> _Work task_:
Excerpt from the entries below: please repeat exactly the lines from the one containing "This cute and" through the last one, both ends included, with no pictures.

> _Data records_:
*** Begin section ***

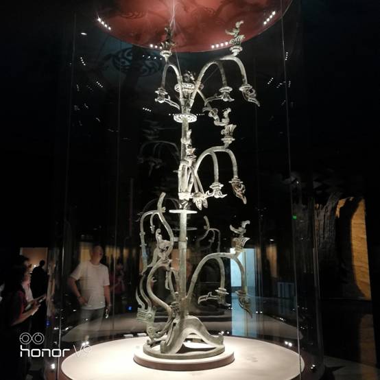 同学们参观青铜神树仿制品
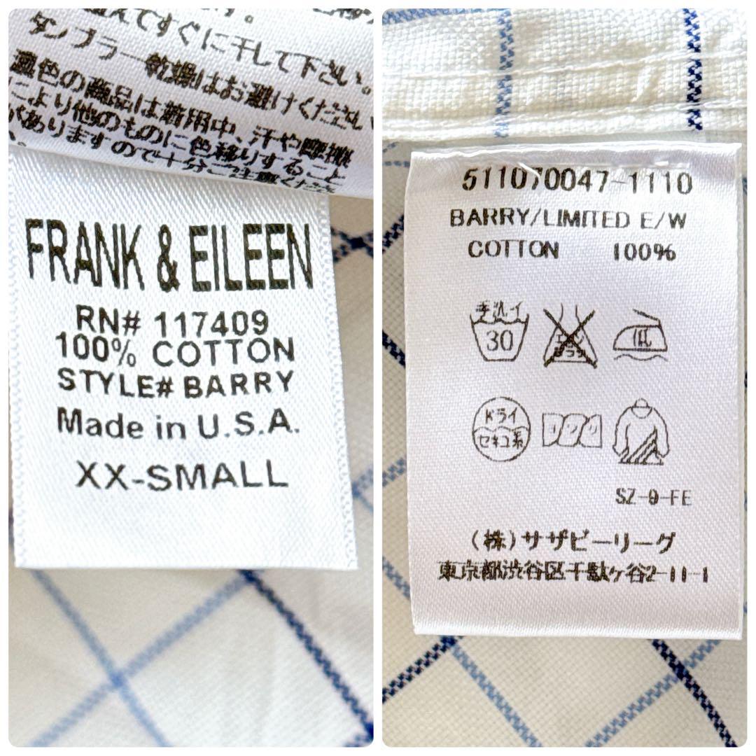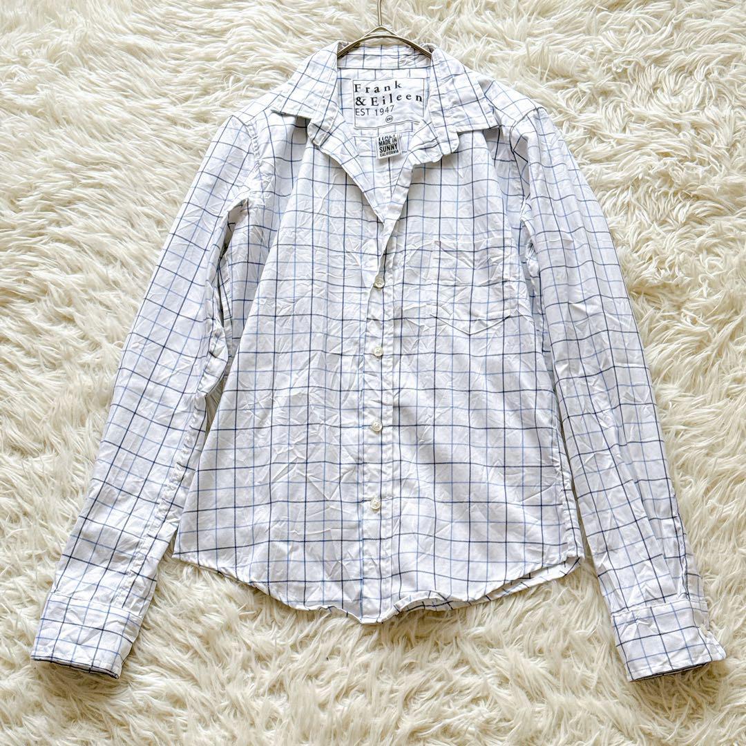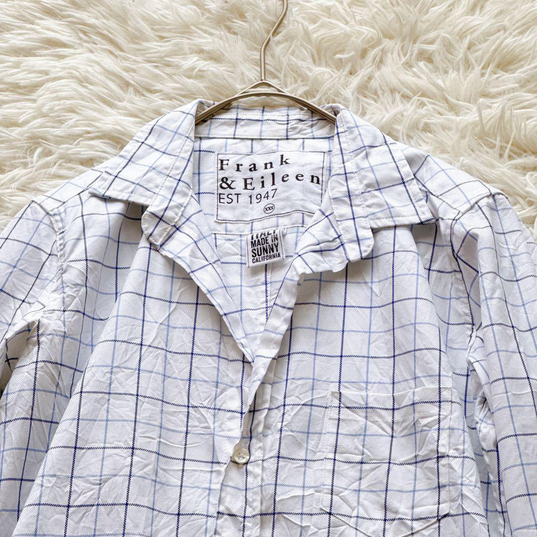 フランクアンドアイリーン FrankEileen BARRY スキッパーシャツ チェック柄 長袖シャツ コットンシャツ 薄手シャツ 羽織り 春夏秋 XXS XS S ホワイト ネイビー 正規品 レディース トップス カジュアルシャツ ウィンドウペン MadeinUSA
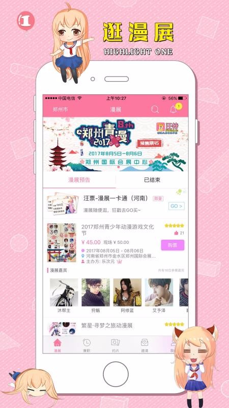 2、可以在这里发现正在进行中和已结束的漫展活动,每一个都有详细的嘉宾介绍;
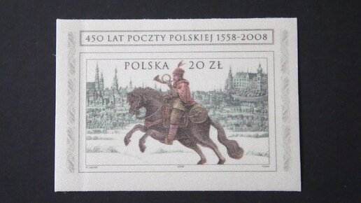 Необычный почтовый блок Польши на шелке - 450 лет почте Польши - 19.12.2008 года
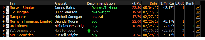 Today though, both stocks did exceptionally well and we’re seeing money flow strongly into the sector. Most analysts a more bearish on FLT given they’re string of recent downgrades however it seems the transformation strategy that is now underway is yielding results, and we’re seeing a more positive stance taken by the market. FLT sort of reminds us of QBE in a way. Historically a very well regarded business that hit a snag, had some industry dynamics work against it in terms of pricing, online competition etc and probably had it too good for too long. They were forced to re-asses and have now taken their medicine and are better for it. The question of whether or not bricks and mortar retailing of travel services is in structural decline or it’s simply cyclical does little to help here. More relevant might be the question around how FLT is integrating bricks and mortar with online channels and how such a model can yield results. Today’s presentation at the Macquarie conference seemed to address this. One to watch.
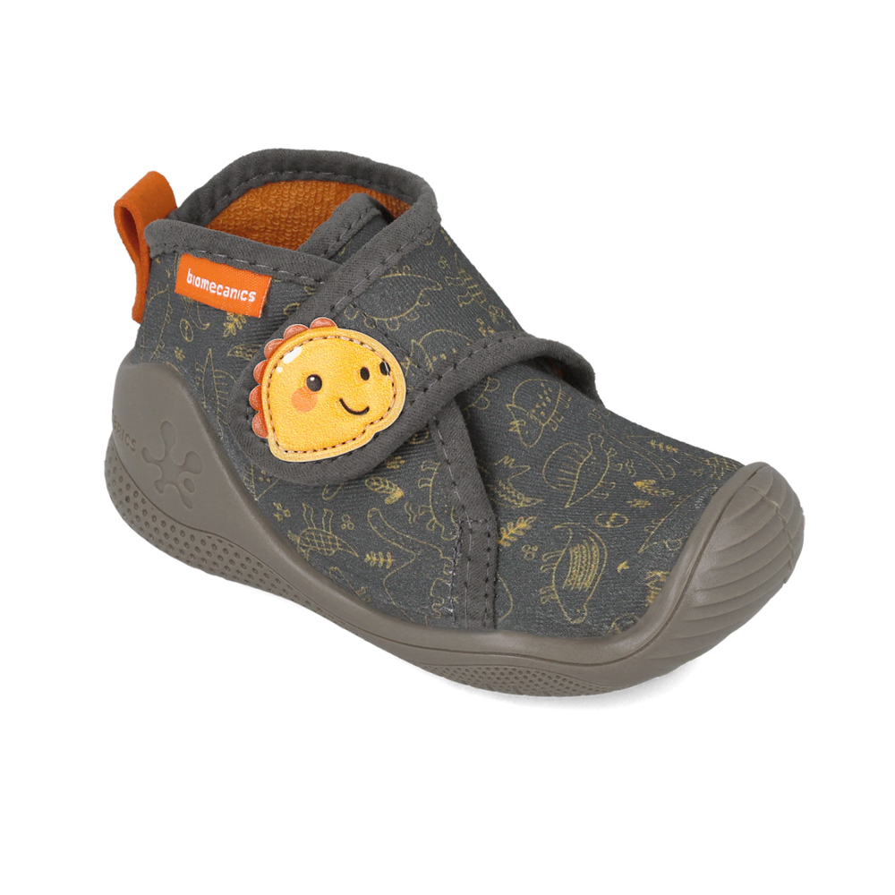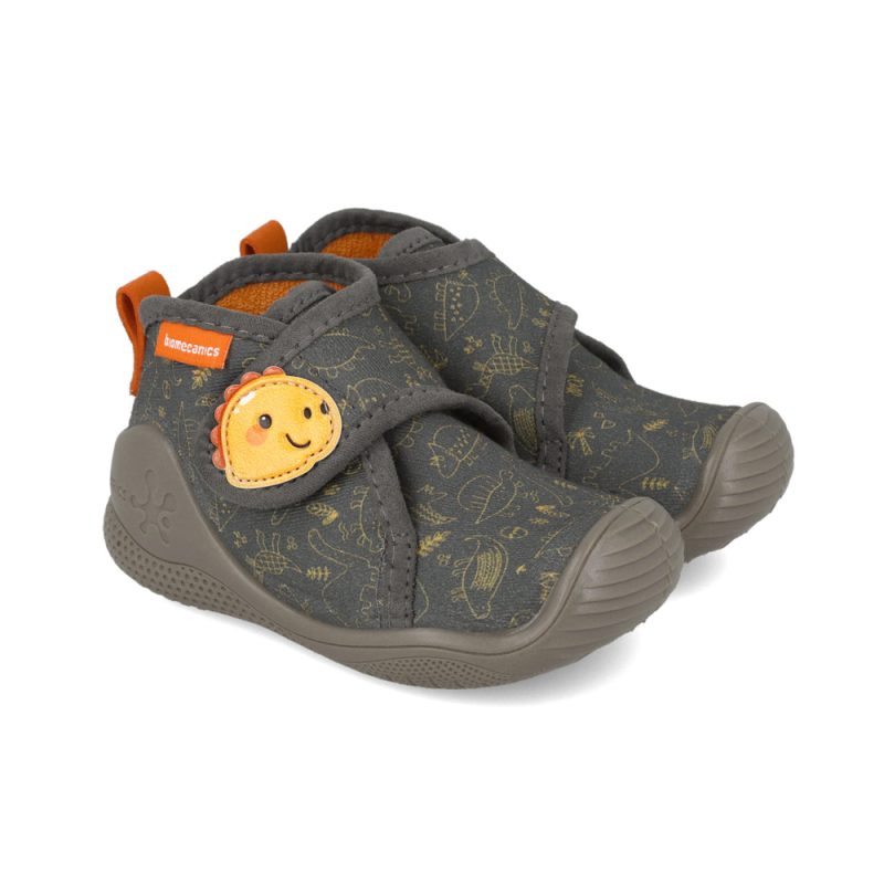 Biomecanics slipper with velcro. It features dinosaurs around the surface. The inner part consists of textile and a leather,anatomic,antibacterial insole. The outsole consists of rubber.
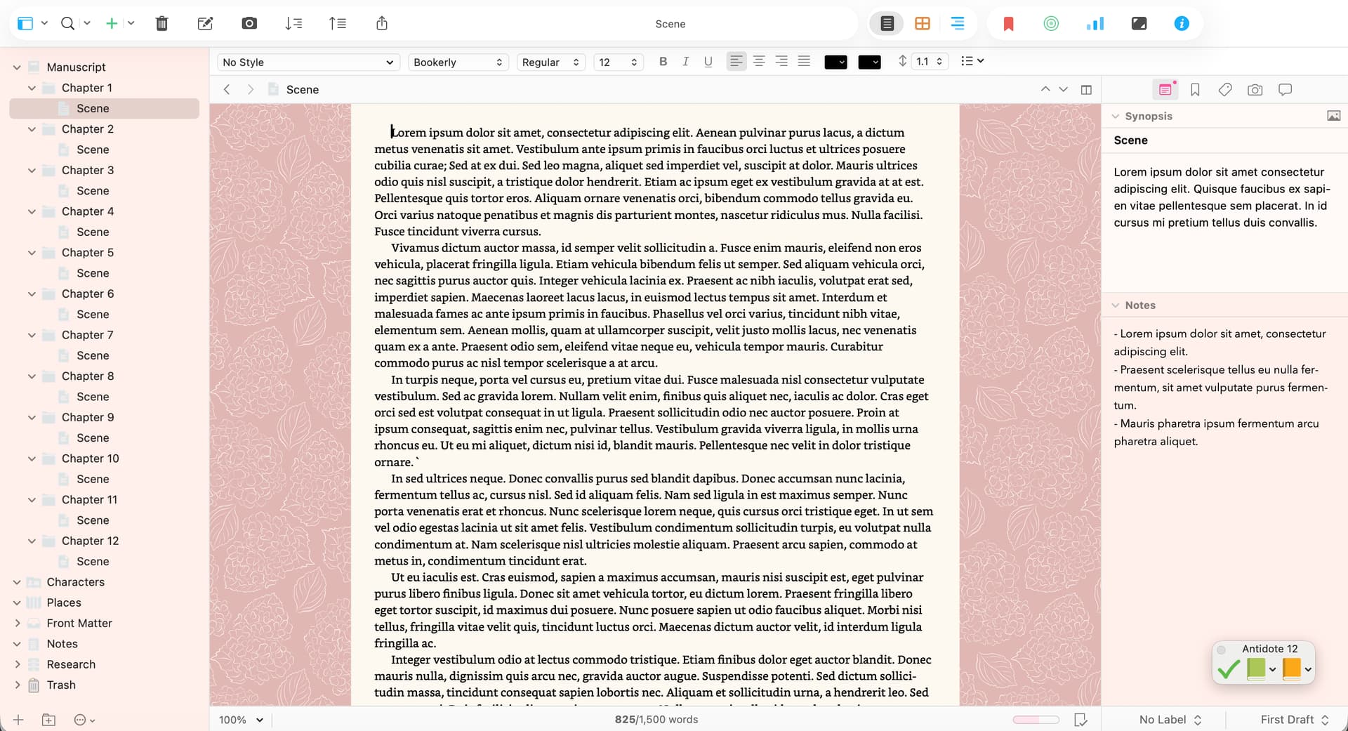 It is interesting to me that the exact same file looks much better in corkboard than main editor
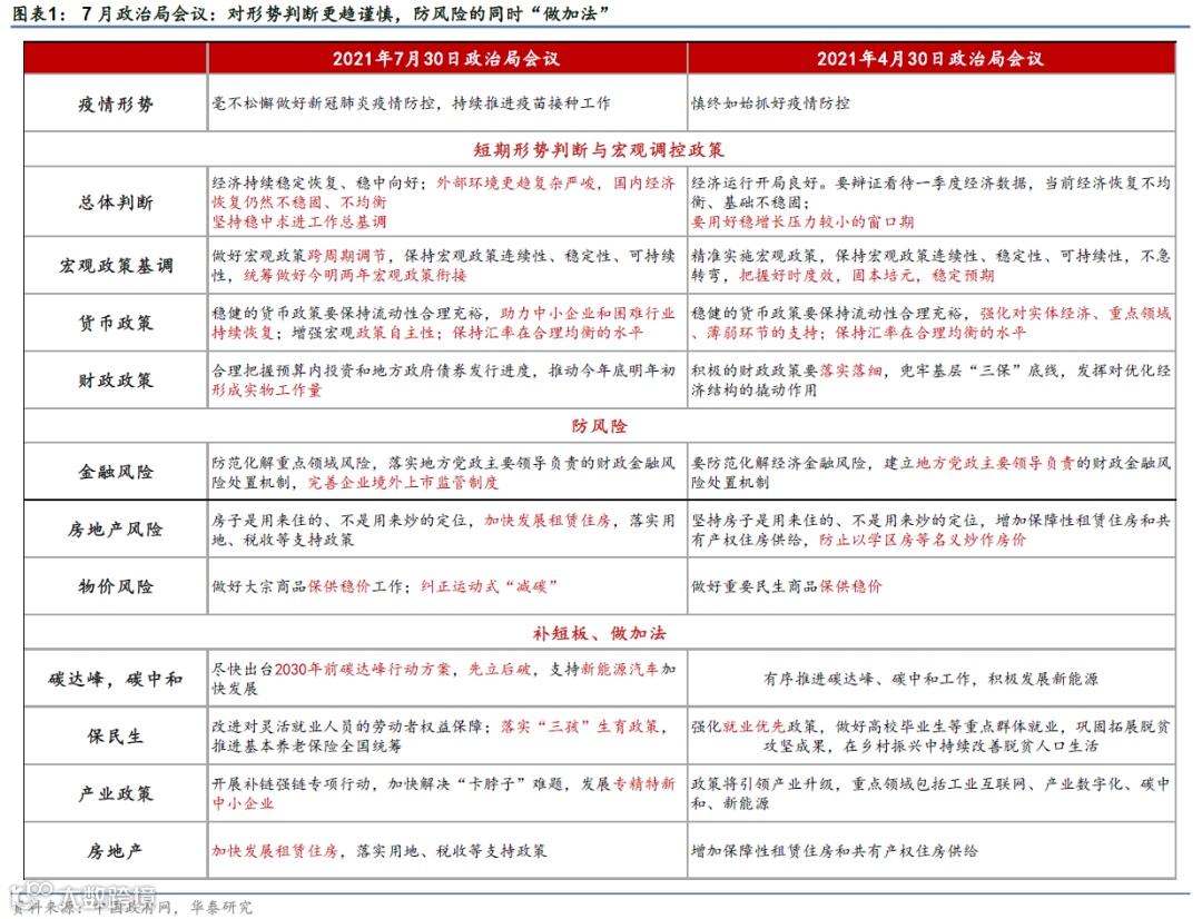 相对4月政治局会议,7月对形势判断更趋谨慎。未再提“稳增长压力较小窗口期”,表示外部环境更趋复杂严峻,国内经济恢复仍然不稳固、不均衡。
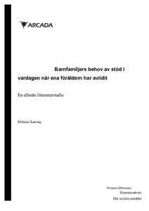 Detta examensarbete är ett beställningsarbete av Raseborgs stad och faller under ramen för förebyggande familjearbete. Arbetets titel är "Barnfamiljers behov av stöd i vardagen när ena föräldern avlider - en allmän litteraturstudie" och syftet med arbetet är således att belysa hurdant stöd en familj är i behov av i vardagen när ena föräldern avlidit. Frågeställningarna för arbetet är: Hur kan man som professionell stöda barnet i vardagen efter dödsfallet? Hurdant stöd behöver den kvarlevande föräldern efter dödsfallet för att i sin tur kunna stöda barnets sorgeprocess. Raseborgs stad ingår i det riksomfattande utvecklingsprogrammet LAPE (lapsi ja perhepalveluiden muutosohjelma) och därav är det aktuellt att belysa stöd för barnfamiljer i förebyggande syfte. Arbetets avgränsning är barnfamiljer med barn under skolåldern som förlorat en förälder och med stöd i vardagen avses stöd som familjearbete kan erbjuda. Tyngspunkt i arbetet ligger på hur man som professionell kan stöda hela familjen efter ett dödsfall, eftersom den kvarlevande förälderns omsorgsförmåga efter dödsfallet har stor inverkan på barnet. I arbetets teoretiska referensram behandlas sorg hos barn där bland annat sorgereaktioner och förståelse för döden tas upp, samt relationsarbete, bemötande, kommunikation och dialog. Metoden för arbetet är en allmän litteraturstudie och totalt har 10 artiklar inkluderats i arbetet. Resultatet av litteraturstudien presenteras i tre olika kategorier: stöd för barnet, stöd för den kvarlevande föräldern och den professionellas roll i sorgearbetet. Resultatet visar att barn har bäst förutsättningar efter dödsfallet om de fortsättningsvis lever i en god relation tillsammans med en resursstark förälder. Faktorer som ytterligare förstärker barnets förutsättningar är om man inom familjen har en öppen kommunikation med tillgång till stöd från det sociala nätverket samt tillgång till professionell hjälp vid behov. Resultatet för arbetet motiverar även till fortsatta studier inom området där förslagsvis professionella eller individer med erfarenhet intervjuas.
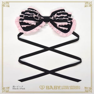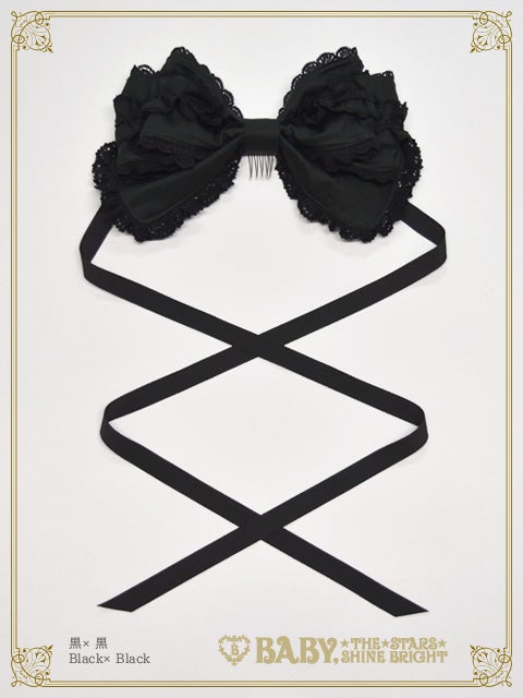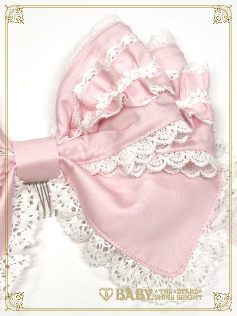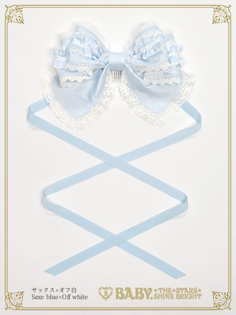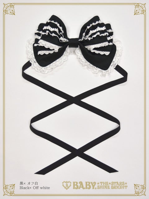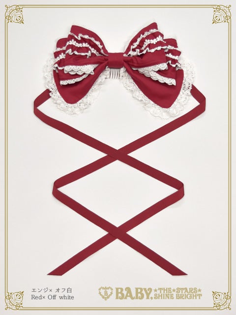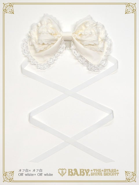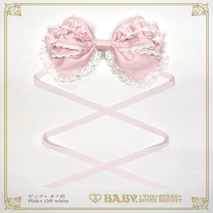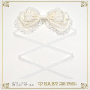 This cute and gorgeous ribbon-shaped headdress features gathered torchon lace in the center of the ribbon and flower motif chemical lace♪
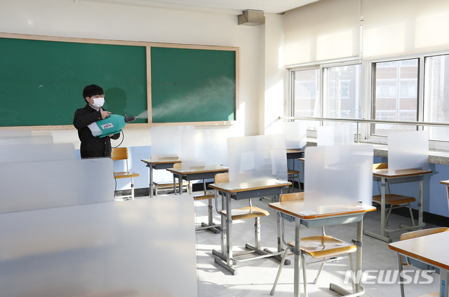[청주=뉴시스] 인진연 기자 = 2021학년도 대학수학능력시험을 사흘 앞둔 30일, 56시험지구 7시험장인 충북 청주 청석고등학교 시험실에서 교직원이 소독을 하고 있다. 2020.11.30
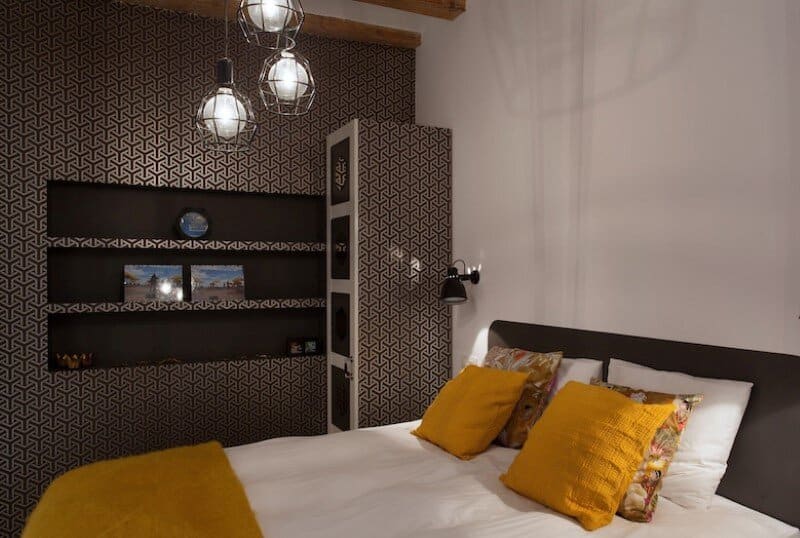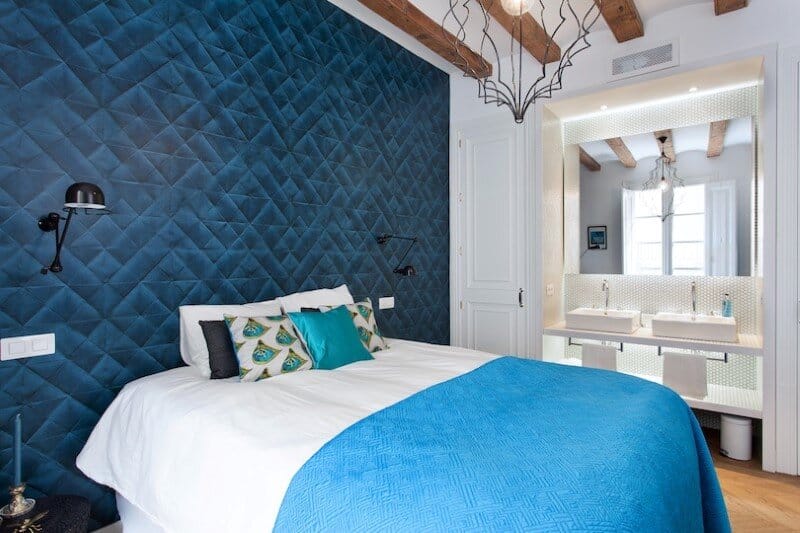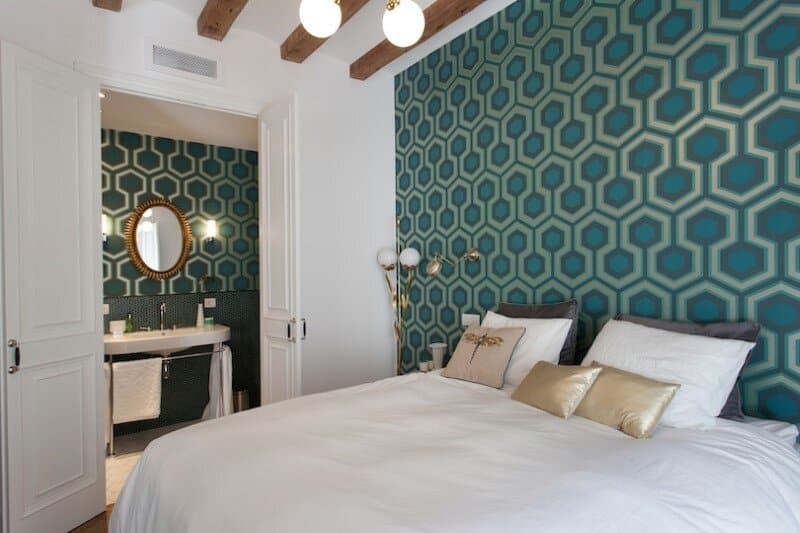 The Mediterranean bedroom has pleated turquoise wallpaper and greenish blue accessories. The Nature bedroom has green hexagonal wallpaper and the en suite bathroom has little green mosaic tiles. The third bedroom is based on Manhattan and it features a geometric wallpaper and other recognizable styles from the big Apple.
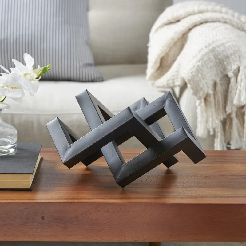 Aluminium Black Metal Abstract Shaped Geometric Sculpture is an abstract geometric made of black metal modern polished sculpture

*** End section ***

> _Exercise result_:
 This cute and gorgeous ribbon-shaped headdress features gathered torchon lace in the center of the ribbon and flower motif chemical lace♪
[청주=뉴시스] 인진연 기자 = 2021학년도 대학수학능력시험을 사흘 앞둔 30일, 56시험지구 7시험장인 충북 청주 청석고등학교 시험실에서 교직원이 소독을 하고 있다. 2020.11.30
 The Mediterranean bedroom has pleated turquoise wallpaper and greenish blue accessories. The Nature bedroom has green hexagonal wallpaper and the en suite bathroom has little green mosaic tiles. The third bedroom is based on Manhattan and it features a geometric wallpaper and other recognizable styles from the big Apple.
 Aluminium Black Metal Abstract Shaped Geometric Sculpture is an abstract geometric made of black metal modern polished sculpture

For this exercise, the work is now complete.